Throughout most of North Wales, the Acadian deformation caused rocks to be squashed horizontally while being stretched vertically, with very little sideways movement in the rocks above the ancient basement. However, along the boundary fracture zones, including the Cwm Pennant Fracture Zone, the forces were concentrated differently. These zones experienced a combination of regional compression, significant vertical stretching, and localized sideways sliding movements.

The southeast-directed pushing forces created steep reverse faults in the deeper, older basement rocks. These faults transition upward into tightly folded rocks with sheared edges in the immediately overlying younger rocks. In the shallowest layers, the folding is less extreme and more open in character.

This interpretation represents a shift from previous geological models for the region. Earlier theories emphasized "thin-skinned tectonics" (where deformation only affects shallow rock layers that slide over deeper, undeformed rocks). The newer understanding suggests that vertical movements above ancient basement fractures played a much more important role in shaping the geological structure of North Wales.

A distinctive feature of the Cwm Pennant Fracture Zone is the clockwise transection of folds by cleavage (where the rock's tendency to split along parallel planes cuts across the fold at an angle). This pattern is similar to structures observed in Central Wales, where it is interpreted as evidence of sinistral (left-lateral) transpression. These transected fold structures typically develop when pre-existing basement faults are reactivated under oblique compression. The transection angles are often highest in zones with steep bedding, suggesting that sideways movement components were preferentially concentrated in these areas.

==Regional context==

The Cwm Pennant Fault represents one example of a larger pattern of basement fracture zones that influenced deformation across Wales during the Acadian mountain-building event. Similar structures have been documented in Central Wales along the Central Wales Lineament, where transpressive reactivation of basement faults also produced complex fold-fault patterns in the overlying rocks.

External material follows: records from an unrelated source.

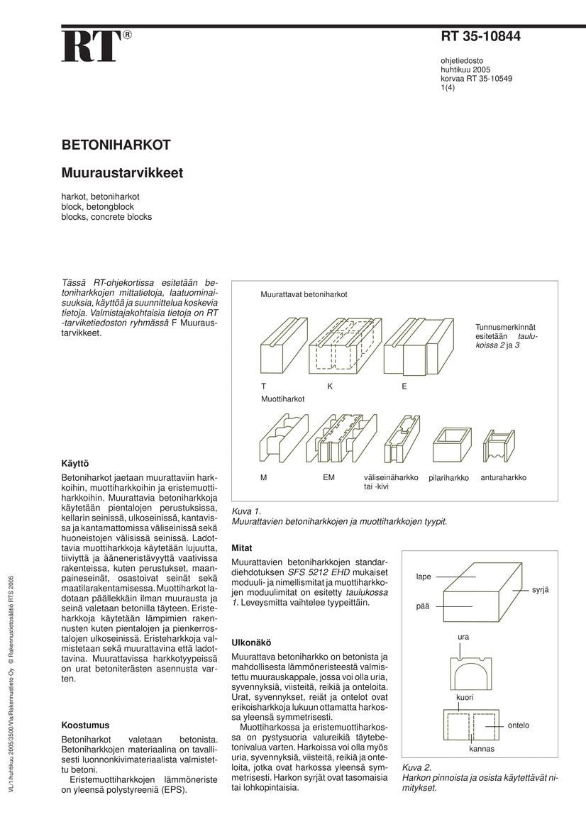 RT 35-10844, Betoniharkot. Muuraustarvikkeet E-kirja, suomi
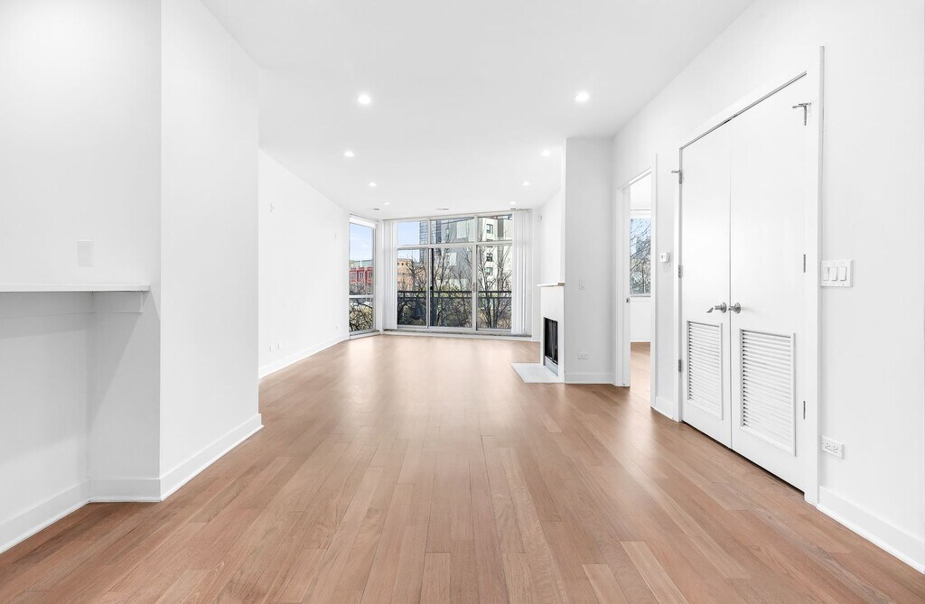 Spacious 3bed/2bath features chef's kitchen with stainless steel appliances including double oven, wine fridge, oversized fridge, quartz countertops, and abundant custom cabinetry. Unit also features hardwood floors throughout, private balcony, fireplace, in-unit washer/dryer, overhead lighting, new window treatments with blackout shades in bedrooms, and more! Primary suite features walk-in closet, separate tub and steam shower, and double vanity. Unit 104 is on the first floor, providing quick access without being ground level. Boutique residence located steps from Fulton Market dining and retail, as well as convenient transportation access. Don't miss out on this beautiful apartment home! *Pricing is net-effective inclusive of 2 months free on a 12-month lease.
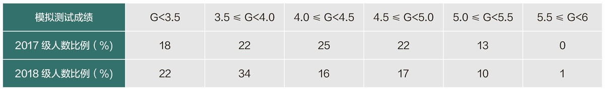 表2:2017、2018級中加合作辦學項目學生入學考試成績分布
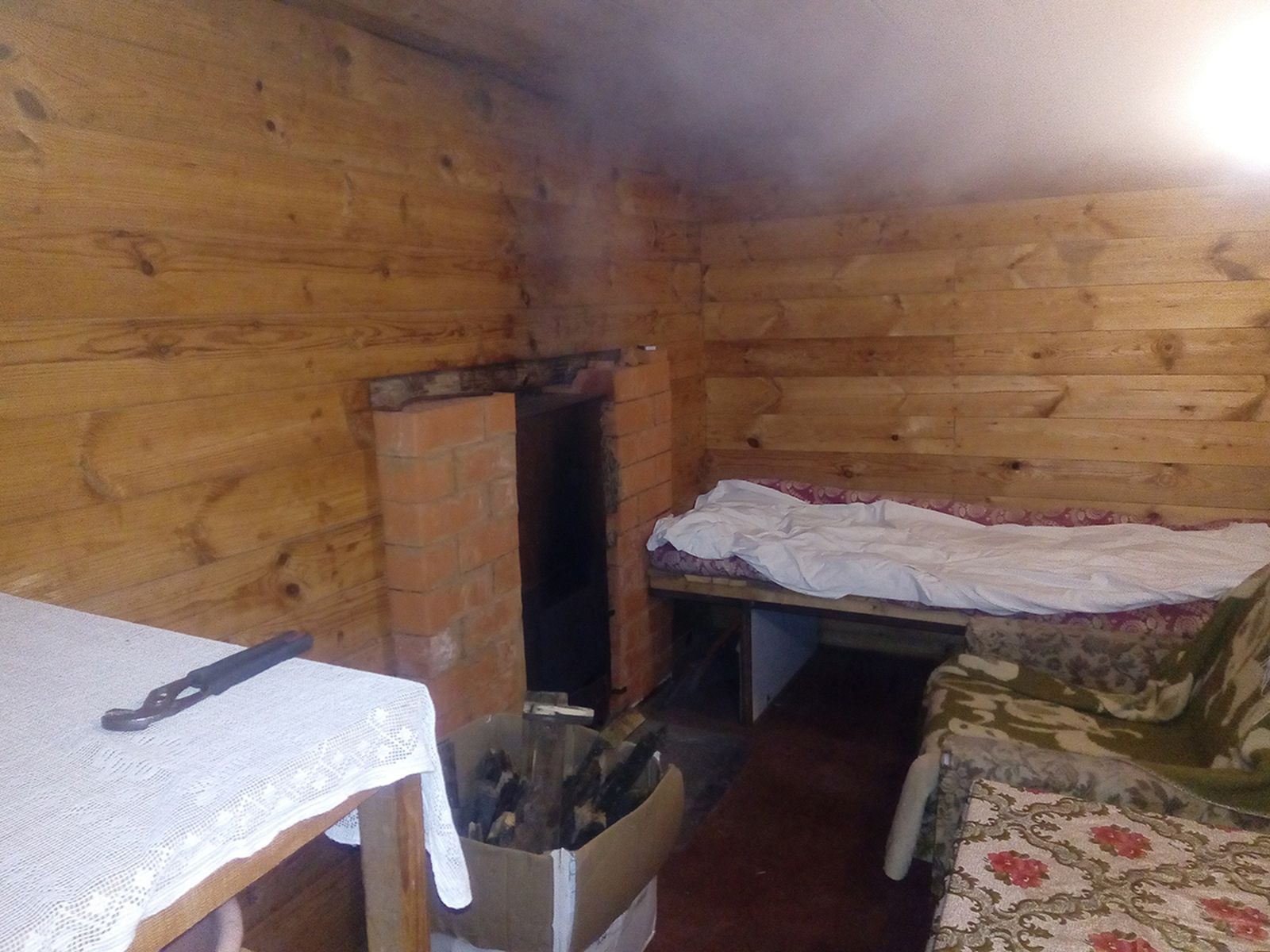 Размеры примерно 4х4,5 м. С пристройкой-тамбуром-дровником. Блин, вот теперь точно померю, самому интересно стало. Большой (в масштабе бани) предбанник-раздевалка, и небольшие (после МБ-15) парная и помывочная. Солистом всего этого недоразумения была, впрочем почему была, есть печь. Большая, железная, сварная, и это не первая ее жизнь, в некоторых местах по нескольку слоев не тонкого металла. С самого начала меня невзлюбила, впрочем обоюдно. Самый главный ее минус - крышка водогрейного бака в предбаннике. Вот так происходит когда вода закипает. Вот так печь выглядела из парной. Полок, из осины, как и вагонка, под вагонкой все обито алюминиевой фольгой (клише из газетной типографии). Вылизали дерево, вычистили каменку, вынимая слоями отходившую ржавчину. С помощью гвоздодера, молотка и какой-то матери вытащил заслонку. Кучу времени убил на попытку очистить от ржавчины и довести до приемлимого состояния бак для воды. В первый раз мылись желтоватой водой, которая за несколько минут до точки кипения резко мутнела и меняла цвет на оранжевый, а после прекращения активного кипения становилась попрозрачней, и хлопья ржавчины водили в ней хороводы.
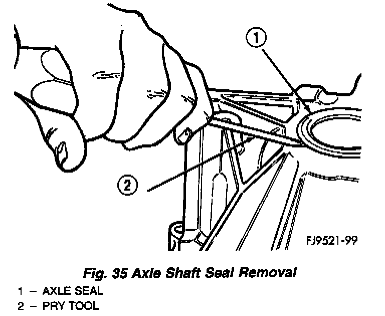 2. Insert a flat-blade pry tool at outer edge of axle shaft seal (Fig. 35).

This pattern fits within a broader model of Acadian deformation affecting the Welsh Basin, where the entire region was shortened in a roughly NNW-SSE direction. The resulting deformation varied depending on the orientation of pre-existing basement structures. In North Wales, where the Cwm Pennant Fault is located, NE-SW trending structures like the Cwm Pennant Fracture Zone experienced sinistral transpression, while E-W structures elsewhere in North Wales underwent dextral (right-lateral) transpression.

The Cwm Pennant Fracture Zone is particularly significant because it provides insights into how deformation in the shallow rock layers was influenced by deeper basement structures. Similar relationships have been documented in other parts of Wales where basement rocks are closer to the surface, helping geologists understand the structural development of areas where the basement is more deeply buried.